::: Raw data

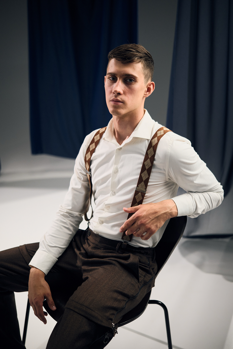 Для Павла було розроблено спеціальні функціональні брюки, які враховують особливості носіння протеза. Ліва штанина цих брюк розстібається збоку на всю довжину - це дозволяє легко вдягати й фіксувати протез без зайвих зусиль. До того ж, нижню частину лівої штанини можна за потреби відстібнути, перетворивши брюки на шорти. Така адаптивність дає Павлові свободу в різних умовах: він однаково зручно почувається і під час тренувань, і у повсякденному житті. При цьому штани зберігають свій класичний силует та стильний вигляд, на перший погляд і не скажеш, що в них є особливі елементи. Павло отримав змогу носити елегантний одяг, який ні в чому його не обмежує, а навпаки підкреслює його впевненість та життєву енергію.
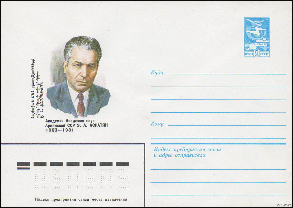 Художественный маркированный конверт СССР N 16005 (17.12.1982) Академик Академии наук Армянской ССР Э.А. Асратян 1903-1981
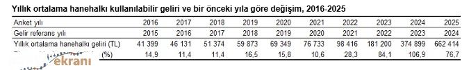 Türkiye’de yıllık ortalama hanehalkı kullanılabilir geliri bir önceki yıla göre yüzde 76,7 artarak 662 bin 414 TL oldu.
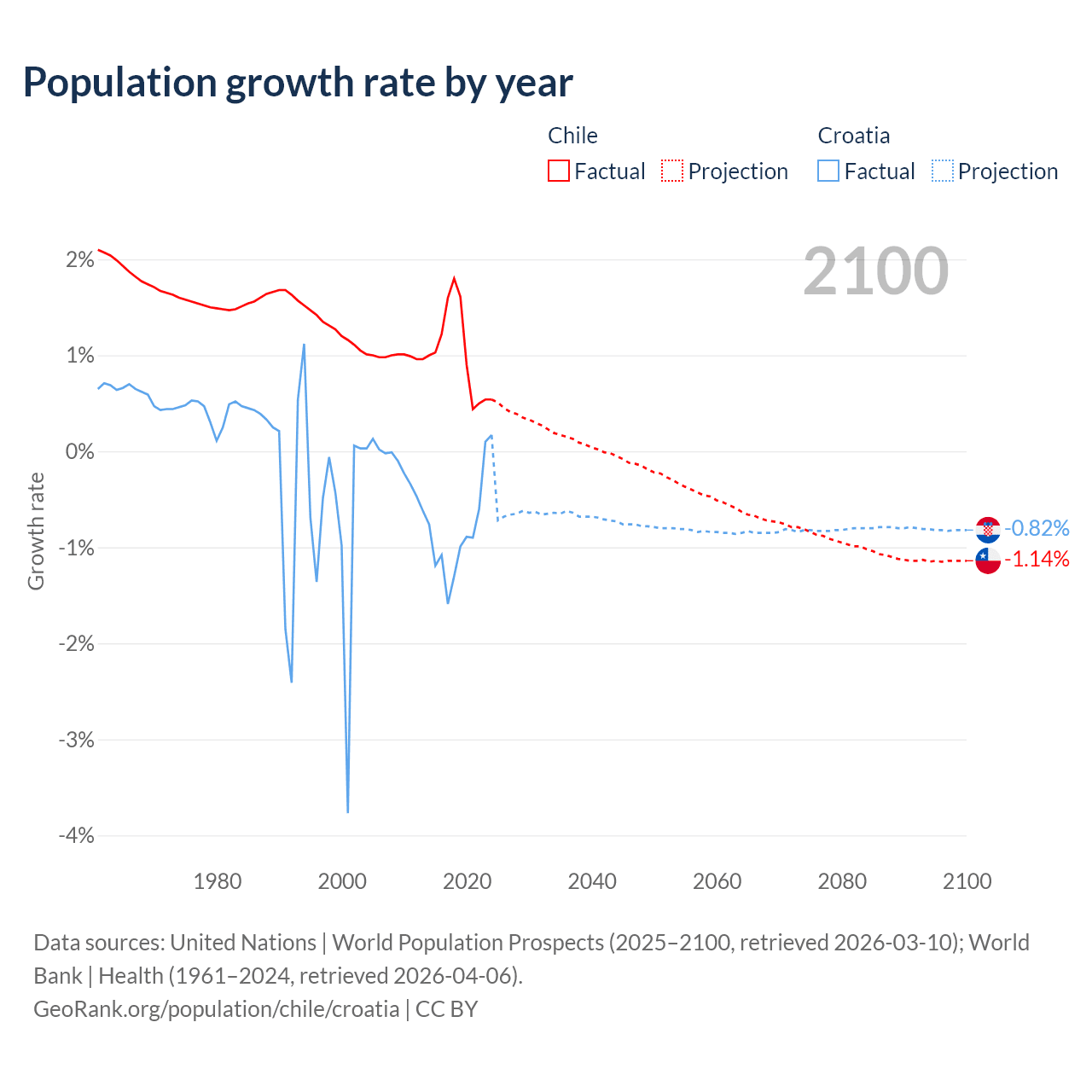 - For the last 10 years, Chile has had an average growth rate of +1.02% per year vs -0.82% in Croatia.
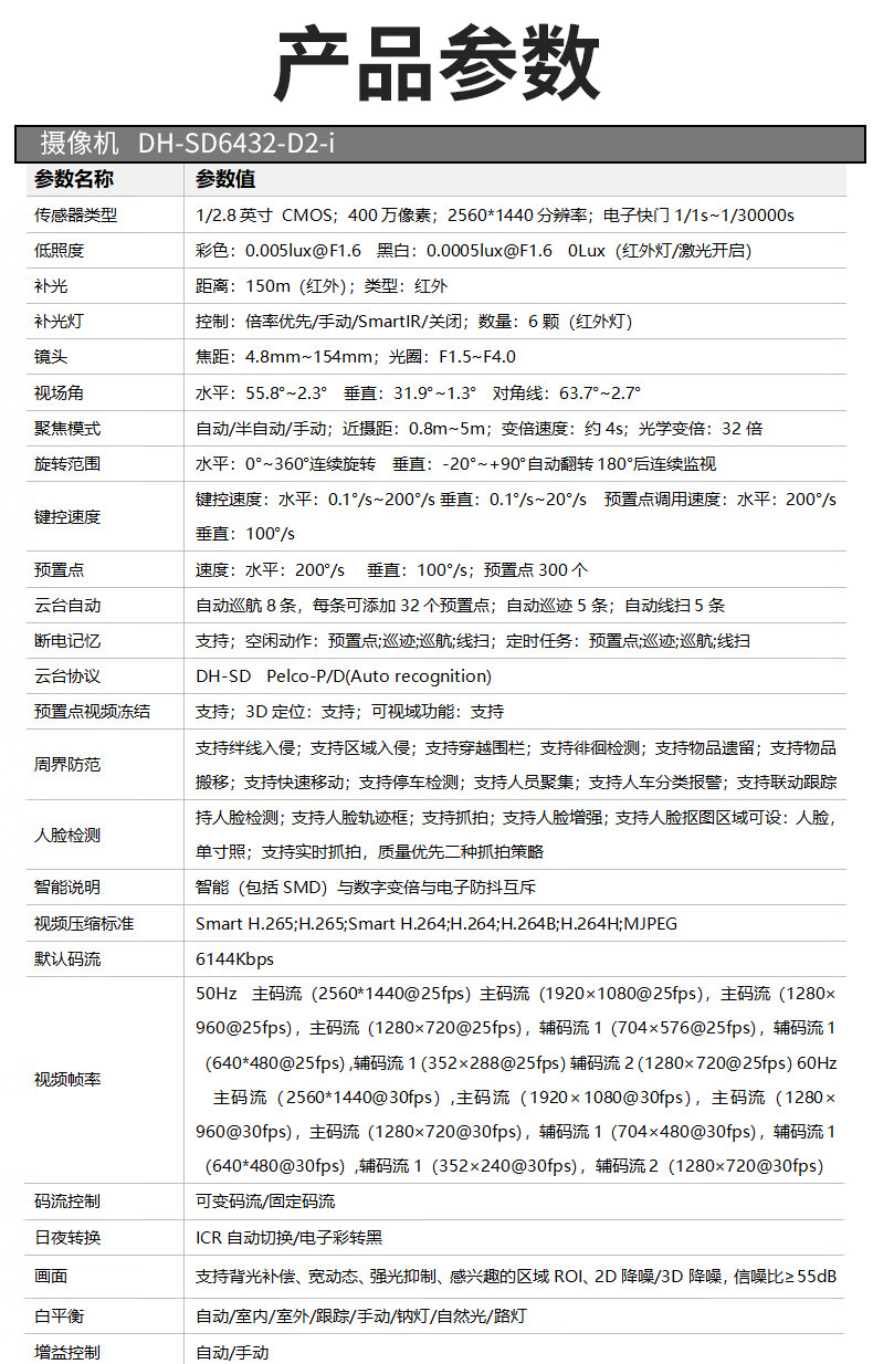 大华 摄像头 SD6432-D2-i 400万32倍红外球机 1个
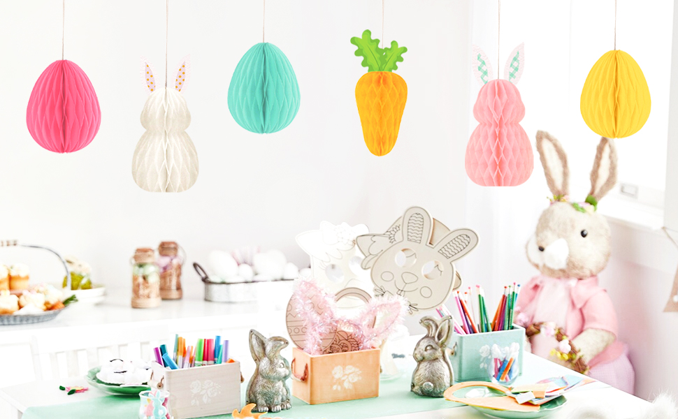 🐰مادة عالية الجودة: زينة عيد الفصح للمنزل مصنوعة من ورق متين لن يتمزق عند طيها أو قصها أو تجعيدها. كلاهما قوي وجميل.

::::::

*About this exercise*
Transcribe the records above verbatim. Do not carry over any picture.

*Task result*
 Для Павла було розроблено спеціальні функціональні брюки, які враховують особливості носіння протеза. Ліва штанина цих брюк розстібається збоку на всю довжину - це дозволяє легко вдягати й фіксувати протез без зайвих зусиль. До того ж, нижню частину лівої штанини можна за потреби відстібнути, перетворивши брюки на шорти. Така адаптивність дає Павлові свободу в різних умовах: він однаково зручно почувається і під час тренувань, і у повсякденному житті. При цьому штани зберігають свій класичний силует та стильний вигляд, на перший погляд і не скажеш, що в них є особливі елементи. Павло отримав змогу носити елегантний одяг, який ні в чому його не обмежує, а навпаки підкреслює його впевненість та життєву енергію.
 Художественный маркированный конверт СССР N 16005 (17.12.1982) Академик Академии наук Армянской ССР Э.А. Асратян 1903-1981
 Türkiye’de yıllık ortalama hanehalkı kullanılabilir geliri bir önceki yıla göre yüzde 76,7 artarak 662 bin 414 TL oldu.
 - For the last 10 years, Chile has had an average growth rate of +1.02% per year vs -0.82% in Croatia.
 大华 摄像头 SD6432-D2-i 400万32倍红外球机 1个
 🐰مادة عالية الجودة: زينة عيد الفصح للمنزل مصنوعة من ورق متين لن يتمزق عند طيها أو قصها أو تجعيدها. كلاهما قوي وجميل.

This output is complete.